– Извините, я еще могу сказать вам вот что: я давно замечал, да мне не верилось, а теперь я совершенно убедился, что вы трус.
– Мистер Джон! – вскричал Борк, побледнев от злости. – Теперь
– И прекрасно, я предвидел ваше возражение, – сказал я, вынимая из кармана пистолеты. – Вот все, что вам нужно, и нет никакой надобности откладывать до завтра, оба пистолета заряжены одинаково, впрочем, выбирайте любой.
Отнекиваться дольше было уже невозможно. Борк наконец схватился за шпагу, я бросил пистолеты и тоже обнажил шпагу. В ту же минуту клинки скрестились, потому что он бросился на меня, в надежде, что я не успею принять оборонительного положения, но я помнил совет Боба и остерегся.
С первых нападок я заметил, что Борк солгал: дрался он на шпагах очень хорошо, хотя и уверял меня, что никогда не учился фехтовать. Признаюсь, это меня обрадовало, потому что ставило нас на одну доску, и мне казалось, что в таком случае дуэль наша не будет судом случая. Единственным моим преимуществом перед ним было страшное хладнокровие, плод размышлений моих перед битвой. Впрочем, как только дуэль началась, Борк действовал уже хорошо: он знал, что дело идет не на царапину и что ему придется или умереть, или убить меня.
Мы дрались таким образом минут пять, не отступая ни шагу, и сблизились до того, что парировали удары друг друга не столько клинками, как эфесами. Видно, мы оба в одно время почувствовали невыгодность этого положения, потому что оба вместе отступили и таким образом разошлись. Но я сразу же сделал шаг вперед, и шпаги наши снова скрестились.
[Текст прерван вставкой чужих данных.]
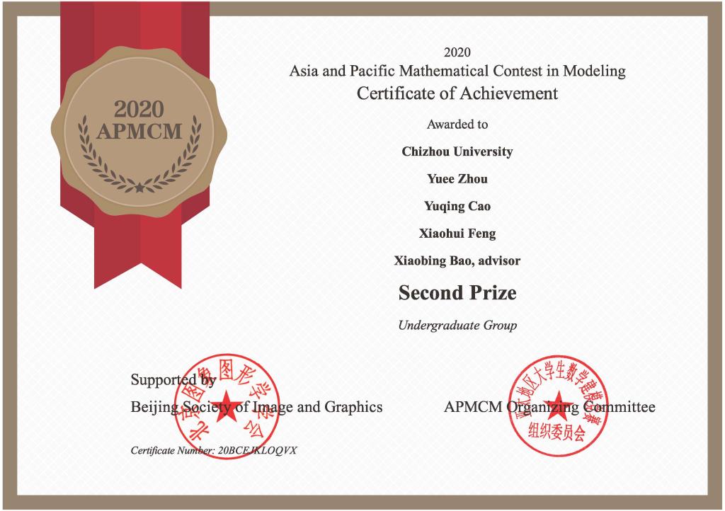 近日,2020年亚太地区老员工数学建模竞赛成绩揭晓,公司学子喜获国际二等奖两项、三等奖一项的优异成绩。获奖参赛队中,由太阳成集团122ccvip教师张永指导的刘海旭、黄斐、姚聪团队和包小兵指导的周月娥,冯筱惠,曹雨晴团队获得国际二等奖,张永指导的陈纪怡,刘莉芳,龚淑娟团队获得国际三等奖。

В этом случае в Борке было то, что всегда бывало во время битвы и бури: в первую минуту в нем торжествовала природа, и он оказывал некоторую робость, но потом гордость и необходимость брали верх, и он делался храбрым по расчету.
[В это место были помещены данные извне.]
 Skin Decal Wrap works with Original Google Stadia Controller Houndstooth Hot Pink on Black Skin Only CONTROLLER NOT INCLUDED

Я уже говорил, что Борк дрался на шпагах превосходно, хотя этого за ним никто не знал, но, благодаря требованиям батюшки и Тома, меня тоже хорошо учили этому искусству. Для Борка это была новость, и он опять оробел. Он был сильнее меня, но я проворнее его, и, пользуясь его робостью, я начал наступать. Он сделал шаг назад, это значило уже некоторым образом признать себя побежденным. Шпаги наши были как ящерицы, которые, играя, переплетаются, и раза два-три я дотрагивался до его груди так, что раздирал на нем мундир. Борк сделал еще шаг назад, но, надо сказать правду, сделал по всем правилам искусства, как будто мы дрались на рапирах. Отступая, он сошел с прямой линии, а в трех шагах за ним был памятник. Я стал теснить его больше и больше, и он задел меня шпагой по лицу, полилась кровь. «Вы ранены», – сказал он. Я улыбнулся и, сделав шаг вперед, снова заставил его отступить. Я не давал ему вздохнуть, шпага моя так и вертелась подле его груди, и он принужден был отскочить, чтобы увернуться. Этого-то мне и хотелось: он дошел уже до самого памятника, больше отступать было невозможно.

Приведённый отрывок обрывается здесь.